Photo: Deborah Taylor, the AIDS coordinator for the Indiana State Board of Health, was recently videotaped by the Society during a three-hour training lesson for counselor supervisors. Society’s Bob Silvers will send out her AIDS counseling presentation by satellite to hundreds of churches with receiving dishes. Church members will learn how to help AIDS victims in their areas.
Photo: “Any human being who loves any other human being ought to be AIDS tested,’ said Indiana Congressman Andy Jacobs. He surprised the press by being tested on cemera.

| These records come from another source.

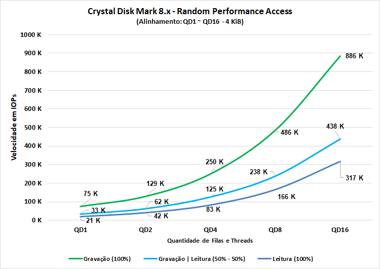 Neste teste, foram feitas 3 configurações de acessos entre diversas configurações de queue depth desde QD1, que representa um uso cotidiano do dia a dia, quanto QD16, que já se torna bem surreal, mais comparável com ambientes virtualizados.
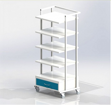Тележка приборная подкатная с 4-мя полками, внизу выдвижной ящик. Предназначена для размещения медицинских приборов, внизу выдвижной ящик для принадлежностей.
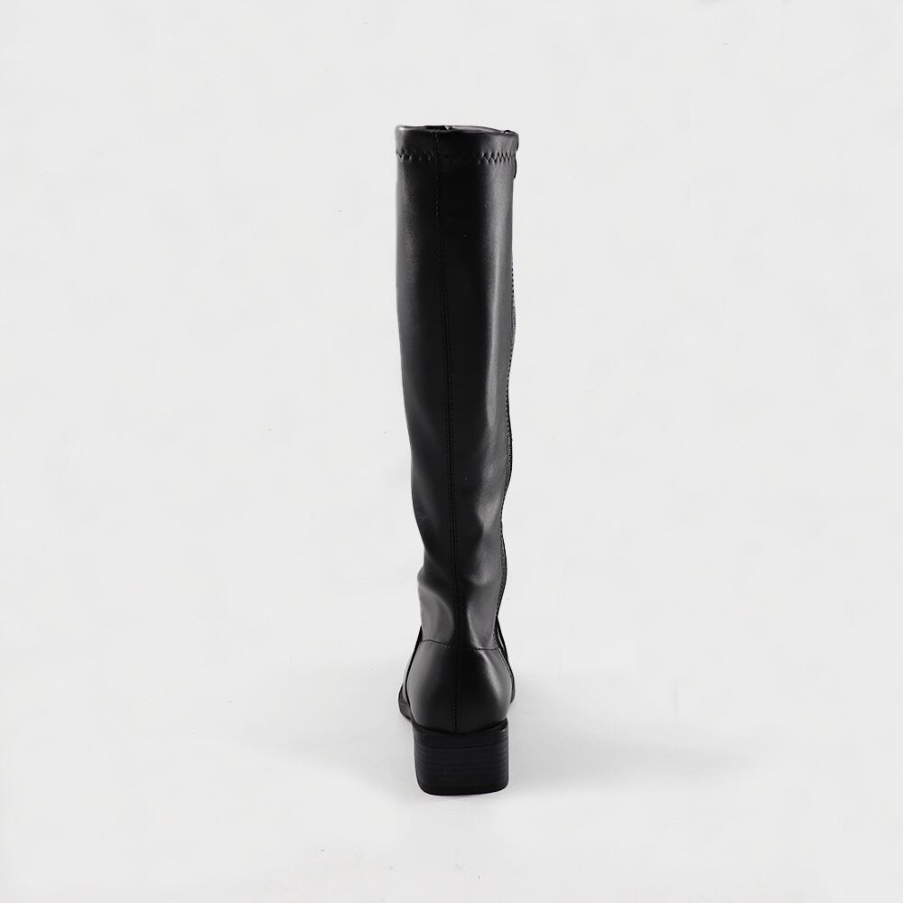 【日本倉庫即納】 ニーハイブーツ レディース ロング丈 スクエアトゥ ローヒール 合皮 レザー調
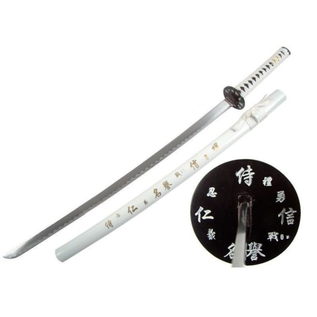 Katana de décoration japonais blanc – Motifs Kanji – 98 cm
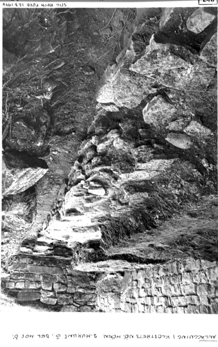 Anläggning i klostrets nordöst hörn. Sydmuren mot v. T.v. östlängans nordmur, t.h. nordlängans östmur.
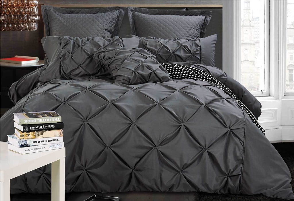 This quilt cover features an extremely luxurious diamond pintuck design that will be sure to add a new level of comfort and aesthetic to your bedroom. Microfibre fabric keeps the duvet silky smooth and breathable throughout all four seasons.
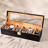 Watch Box Organizer – 6 Slot Display Case with Glass Lid, PU Leather, Soft Velvet Interior – Elegant Storage for Men’s & Women’s Watches, Jewelry & Accessories – Gift-Ready Case, Black
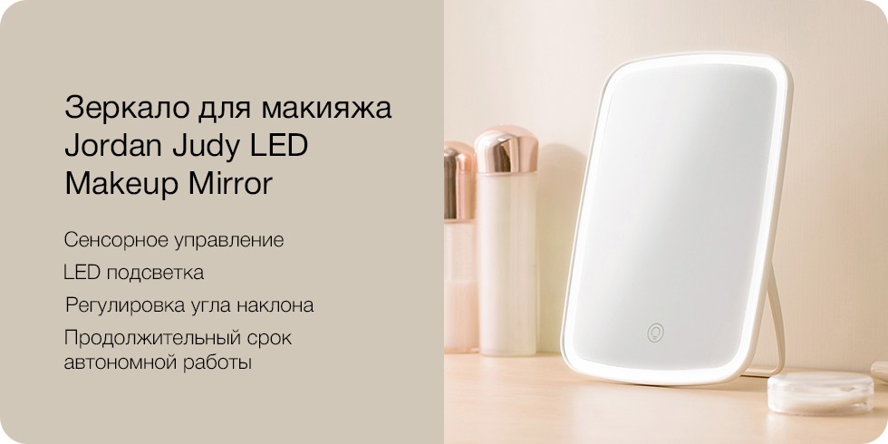 Вы все еще наносите макияж в условиях плохого освещения? Как неприятно обнаружить, что макияж нанесен неидеально. Зеркало для макияжа Jordan Judy LED Makeup Mirror отличается качественным и чистым отражением. Подсветка, имитирующая дневной свет, и возможность регулировки угла наклона делают проведение косметических процедур и нанесение макияжа очень удобным, а также позволяют превратить зеркало в стильную прикроватную лампу или селфи фонарь.
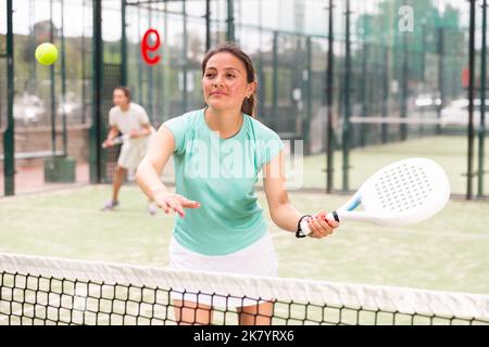 Two sports couples playing padel on the tennis court Stock Photo Alamy
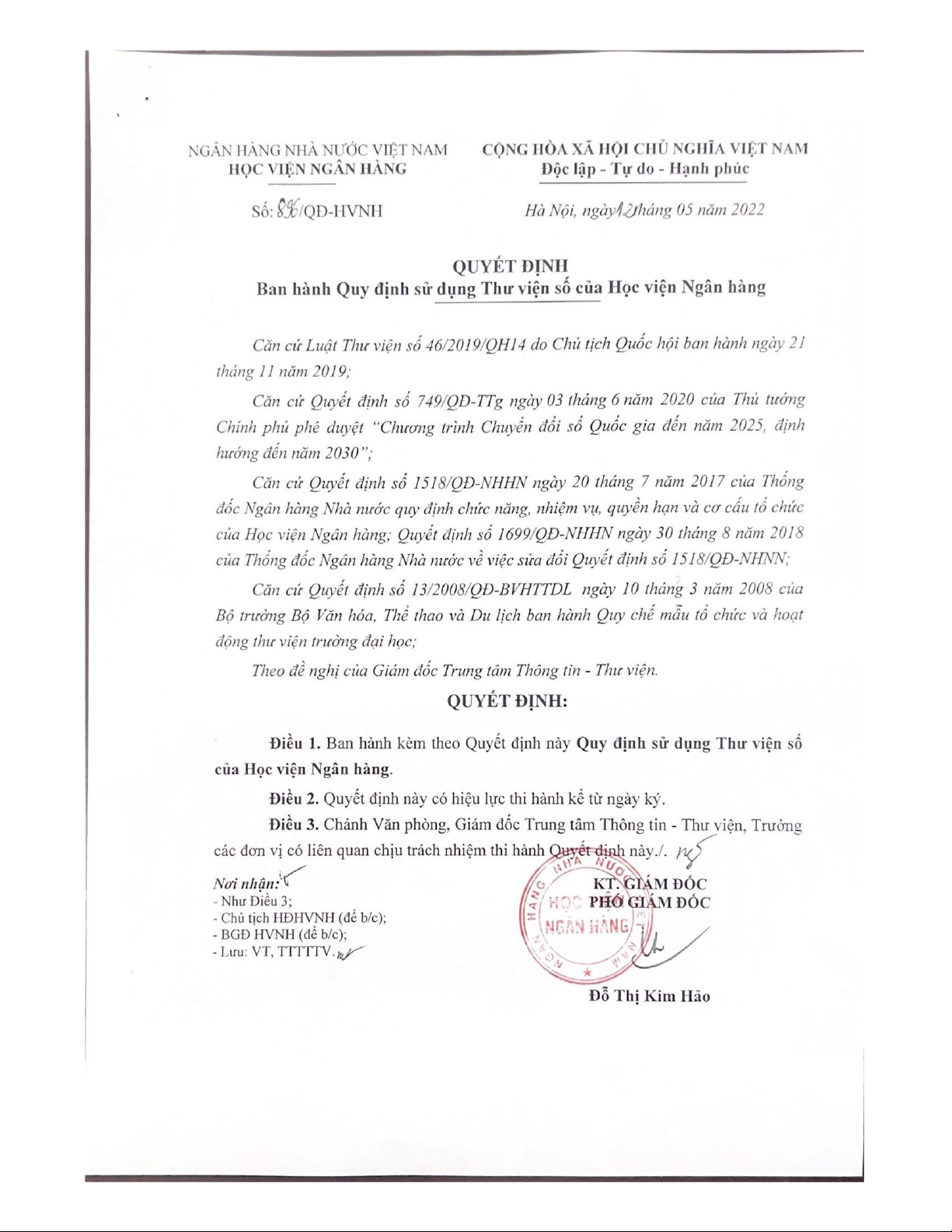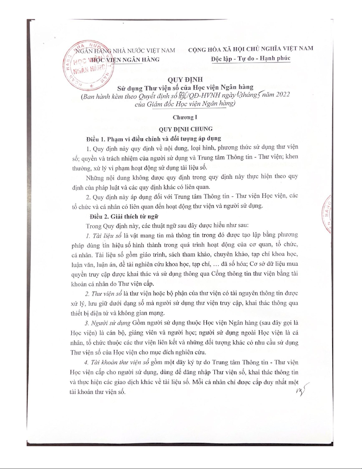 QD-HVNH-Quy định sử dụng Thư viện số của Học viện Ngân hàng

Photo: When little Ryan White was still physically able to attend school, a battle raged in Kokomo as parents were concerned about the spread of AIDS. Dr. Woodrow “Woody’ Myers, Jr., the commissioner of the Indiana State Board of Health, is credited for having advised school officials that Ryan should be permitted to attend classes if he chose to do so. Ryan now struggles for life.
Photo: Surgeon General C. Everett Koop, M.D., recently paid tribute to Dr. Woody Myers by stating that “Indiana has a model AIDS program.’ Dr. Koop favors more voluntary testing and sex education.